Africa needs country-specific narratives for a clean energy future

October 25, 2022

An international team of researchers from 50 institutions is calling politicians, funders, and researchers to shift how they think about the clean energy transition in the African continent, as a new study highlights radically different energy needs across countries.

Published Tuesday in Nature Energy, the findings show prior assumptions about the continent’s energy needs and net zero paths were incorrect.

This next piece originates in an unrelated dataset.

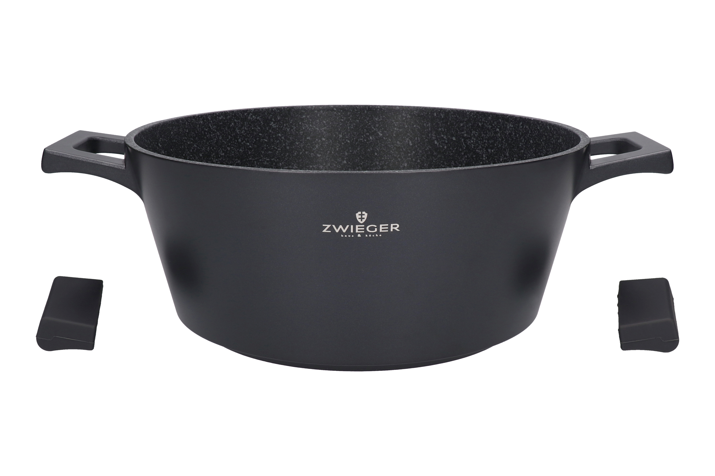 Patelnie Zwieger z odlewanego aluminium. Nowoczesna, niemiecka powłoka GREBLON® pokrywa wewnętrzną część naczynia. Dzięki nowatorskiej technologii patelnia doskonale przewodzi i akumuluje ciepło. Ze względu na swoje wyjątkowe właściwości, zwiększające odporność na zarysowania, powłoka GREBLON® stosowana jest w naczyniach najwyższej klasy. Dodatkowo, żaroodporny lakier silikonowy, który pokrywa patelnię, sprawia, że zachowuje ona swój estetyczny wygląd na długo.

Rather than addressing the continent as a homogenous collective, an analysis of all 54 African countries found that each nation faces different starting points, solutions, and uncertainties for using renewables or fossil fuels to meet development objectives.

The research was carried out by a team of 40 African researchers and co-authors from the University of California Berkeley, University College London, the United Nations Economic Commission for Africa, the University of Oxford, and others.

“Today’s global debate is characterized by unhelpful generalizations,” says Youba Sokona, vice-chair of the Intergovernmental Panel on Climate Change (IPCC) and one of the study’s authors. “Our research highlights that to achieve development and climate objectives in Africa the international community needs to embrace and support nuance and country-specific analysis. Pathways to get to clean energy systems depend a lot on how feasible they are in each African country.”

Published ahead of next month’s COP27 conference in Egypt, the paper coincides with a period of intense debate around fossil fuel versus renewable use by African countries. Leading African institutes and scholars have described pressure by Western leaders on African countries not to use their fossil fuel reserves as ‘hypocrisy.’ Meanwhile, moves by Western countries like the United Kingdom to open up remaining fossil fuel resources in light of Russia’s invasion of Ukraine have sent mixed messages about their net zero commitments. 

“COP27 is Africa’s COP,” says Dan Kammen, a professor in the Energy and Resources Group and Senior Advisor for Energy Innovation at the United States Agency for International Development (USAID). “It is vital for us to listen and learn from African energy innovators and to then prioritize energy access, justice, and investment in on- and off-grid energy devices to reach the SDGs and economic development goals. We hope this research will accelerate that process.”